Swakopmund’s 2024 office-bearers election, which took place yesterday, was postponed following two consecutive tied votes for the seat of mayor.
This situation arose as per the Local Authorities Act, which mandates a tiebreaker vote in the event of a tie.
If a second tie occurs, it necessitates postponing the election, according to presiding magistrate Lucia Elishi.
The deadlock disrupted the anticipated mayoral appointment of Swakopmund Residents Association (SRA) representative Matthias Henrichsen.
According to a prior agreement, the town council coalition, which includes the SRA, the Independent Patriots for Change (IPC), and the Landless People’s Movement (LPM), has nominated Henrichsen for 2024.
The agreement, signed last week by the SRA and IPC, emerged after the 2020 local authority elections.
The coalition comprises six members: three from the IPC, two from the SRA, and one from the LPM.
This arrangement was to allow a proportional sharing of the mayoral role, with the IPC holding it for three years, followed by one year each for the SRA and the LPM.
Dina Namubes of the IPC, having served for the past three years, was expected to pass the chain to Henrichsen.
Subsequently, in 2025, LPM council member Blasius Goraseb was slated to assume the role.

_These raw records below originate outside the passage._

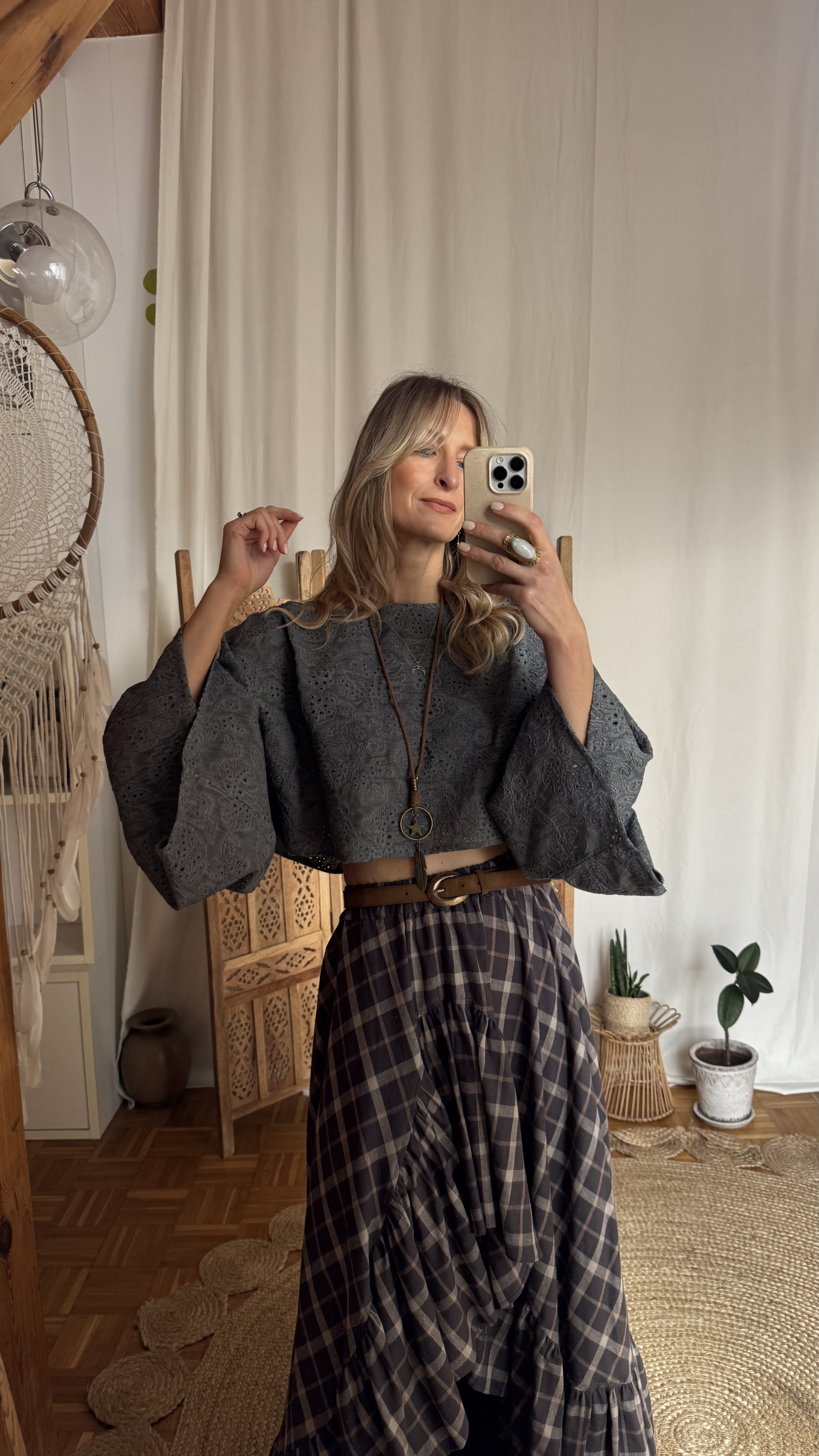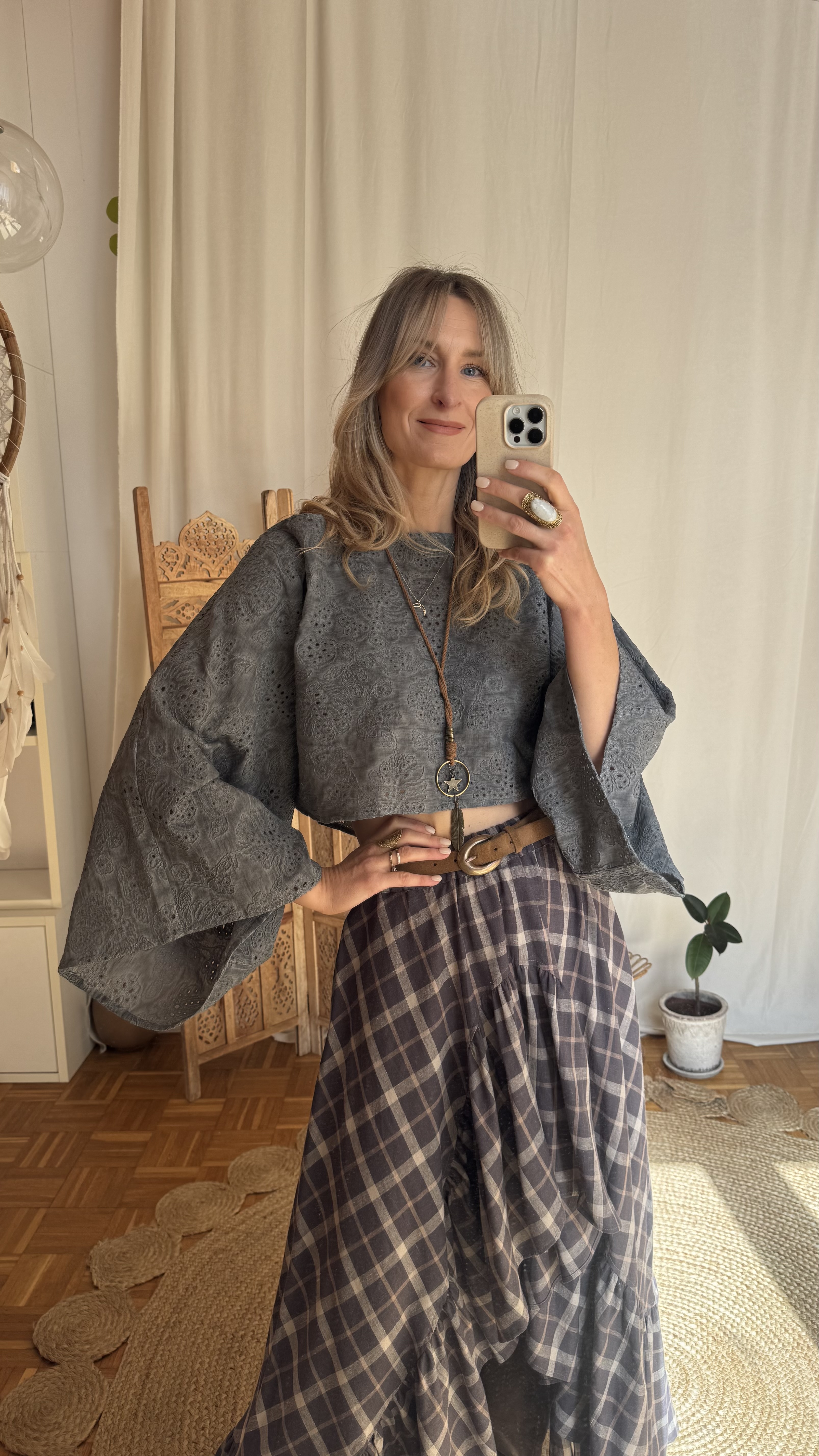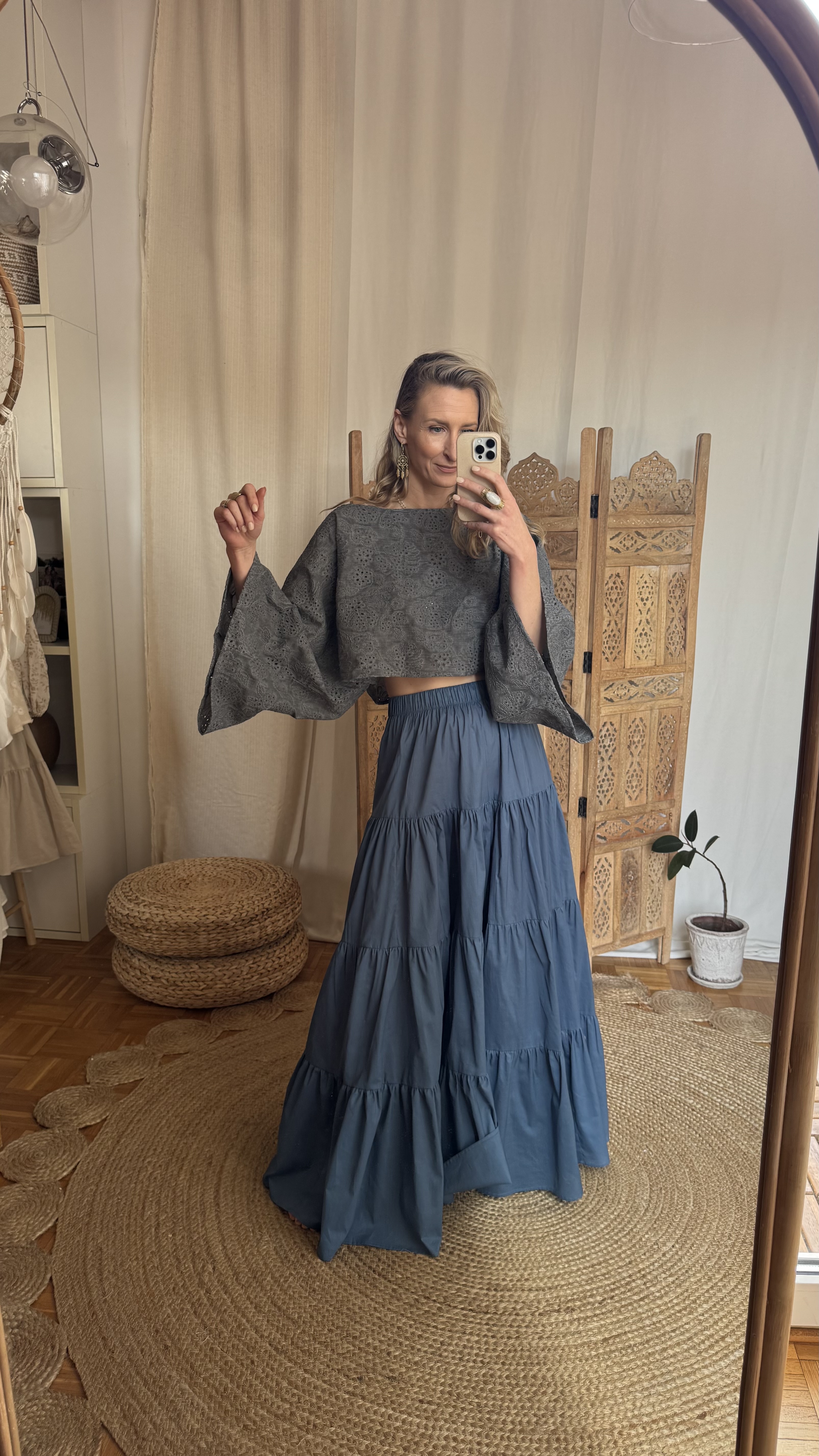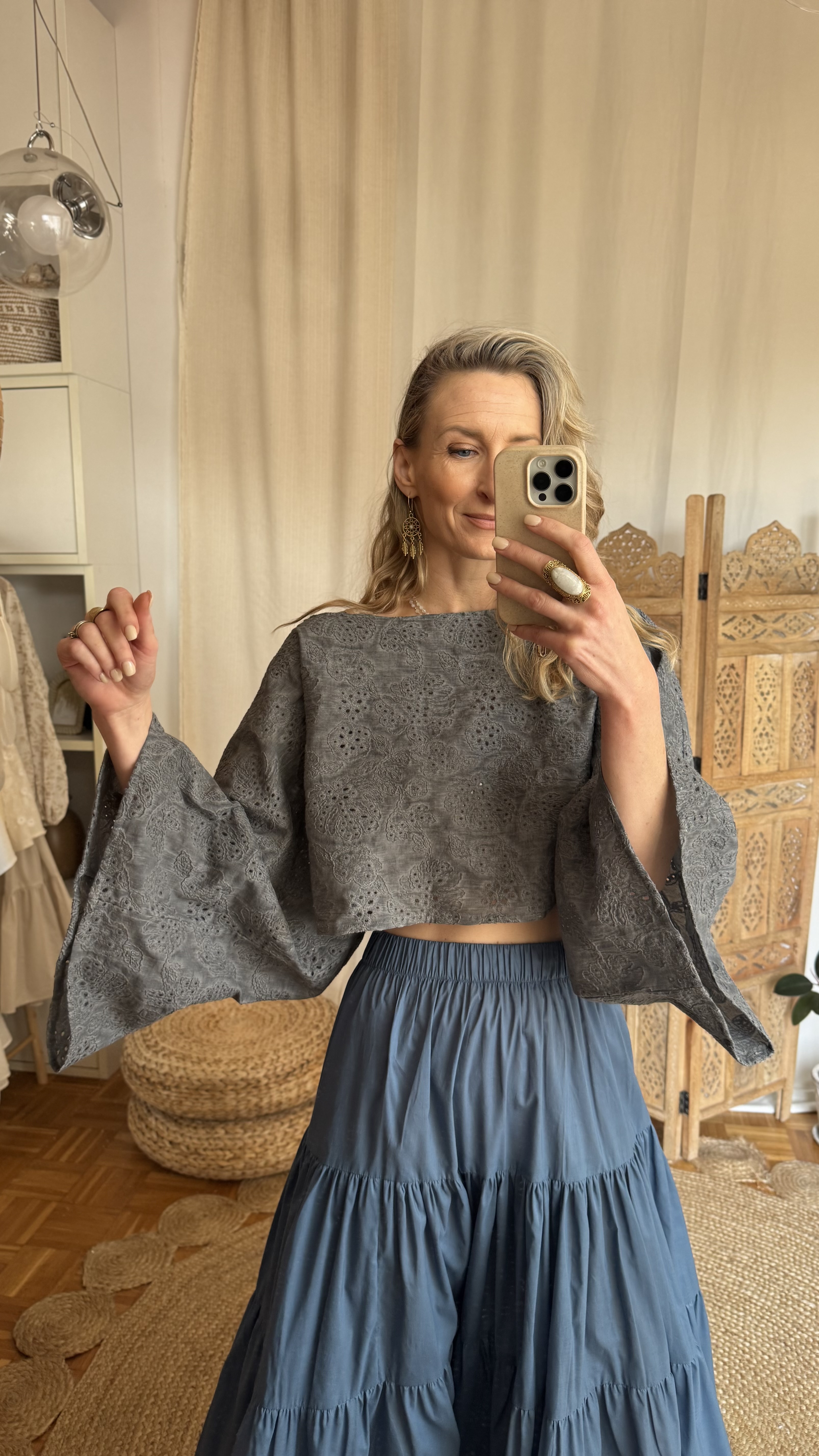 Uszyta z lekkiej, haftowanej bawełny w przepięknym odcieniu szarości.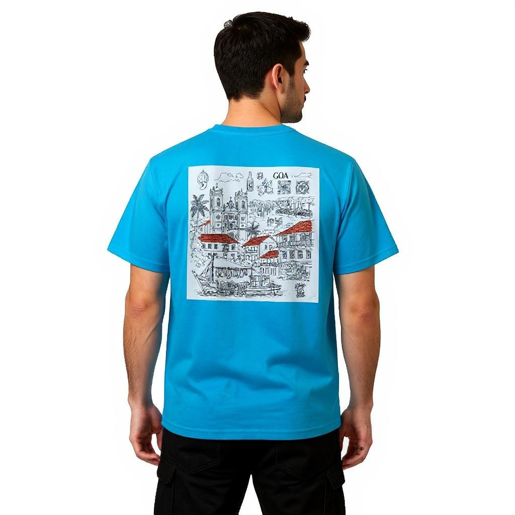 This T-shirt features a detailed sketch of Goa on the back, capturing the essence of the region. The shirt is designed with an oversize fit, offering a comfortable and relaxed wear.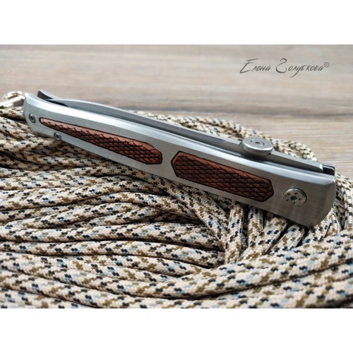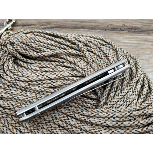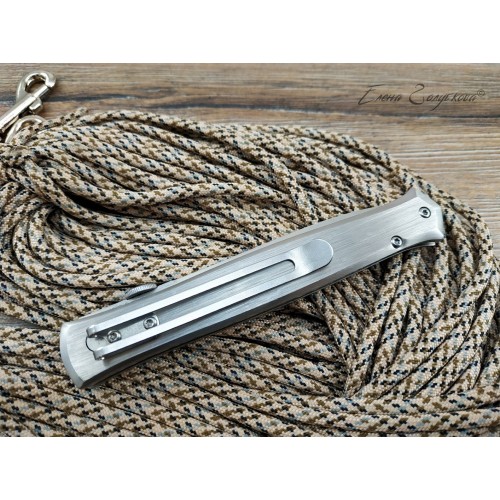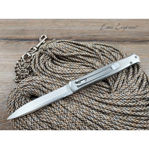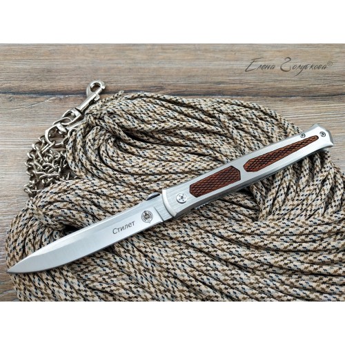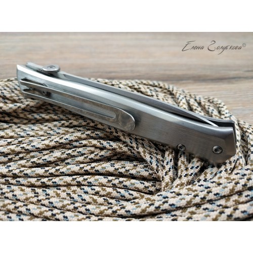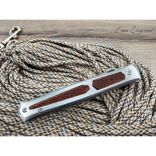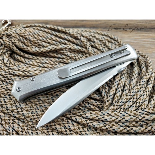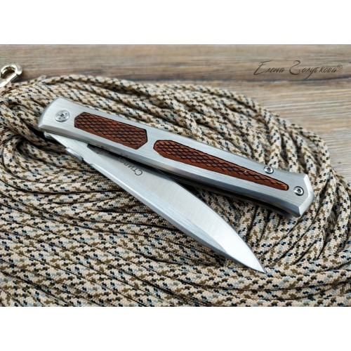 Изящный сладной нож. Узкий, длинный клинок, тонкая, веретенообразная рукоять роднят этот фолдер с грозным холодным оружием. Клинок ножа изготовлен из нержавеющей стали марки 440, имеет хороший баланс между твердостью, стойкостью к коррозии и легкостью заточки. Для открывания ножа на обухе клинка сделана специальная "таблетка", удобная для использования как правой, так и левой рукой. В раскрытом положении нож фиксируется замком типа liner-lock, который предохраняет нож от случайного складывания, а руку от связанной с этим травмы. Рукоять ножа полностью изготовлена из стали, с не большими деревянными вставками и жесткой клипсой.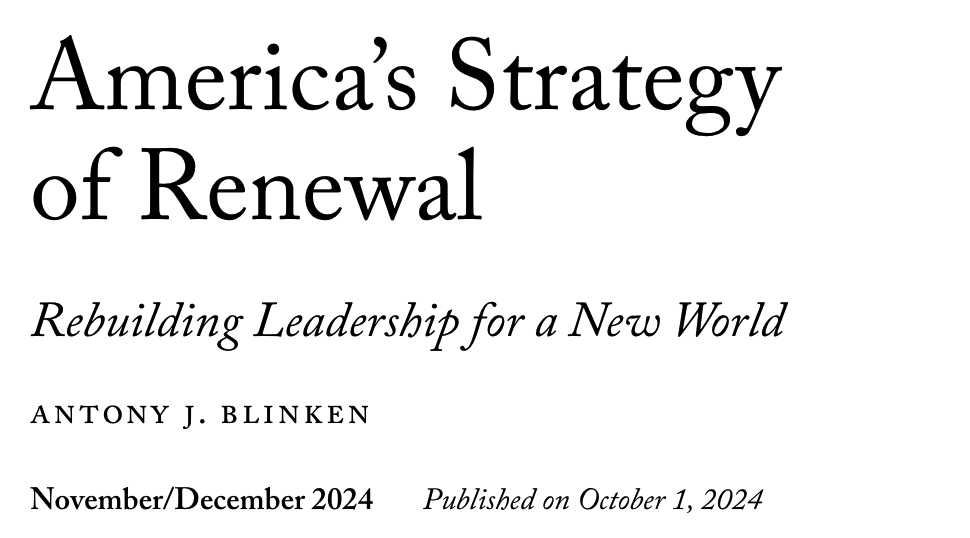 2024年10月1日,布林肯在《外交事务》上撰文《美国的更新战略》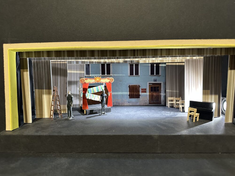 Es wird überprüft, ob die Bühnenbildentwürfe tatsächlich auf der Bühne im Antoniushaus umgesetzt werden können.

Before the election, SRA chairperson John Hopkins expressed optimism about the coalition’s potential to set a collaborative example for other Namibian towns.
“We look forward to continue working together and being an example to other towns in Namibia if we can try and put our differences aside and work together for the benefit of the whole community,” he said.
However, the plan hit a snag when only eight of the 10 council members attended the election.
The nominations for mayor led to a tie between Henrichsen and Namubes, with each receiving three votes and two ‘no’ votes.
Elishi conducted a tiebreaker vote, which resulted in another tie.
Consequently, Elishi announced the postponement of the election to a future date.
SRA councillor and chairman of the management committee Wilfried Groenewald expressed disappointment and indicated a need for further deliberations.
“Not sure when the next election will be,” he said.
Goraseb lauded the past three years of coalition efficacy, noting significant community-focused changes at Swakopmund.
IPC regional chairperson Aloysius Kangulu declined to discuss specifics, emphasising confidentiality on central issues.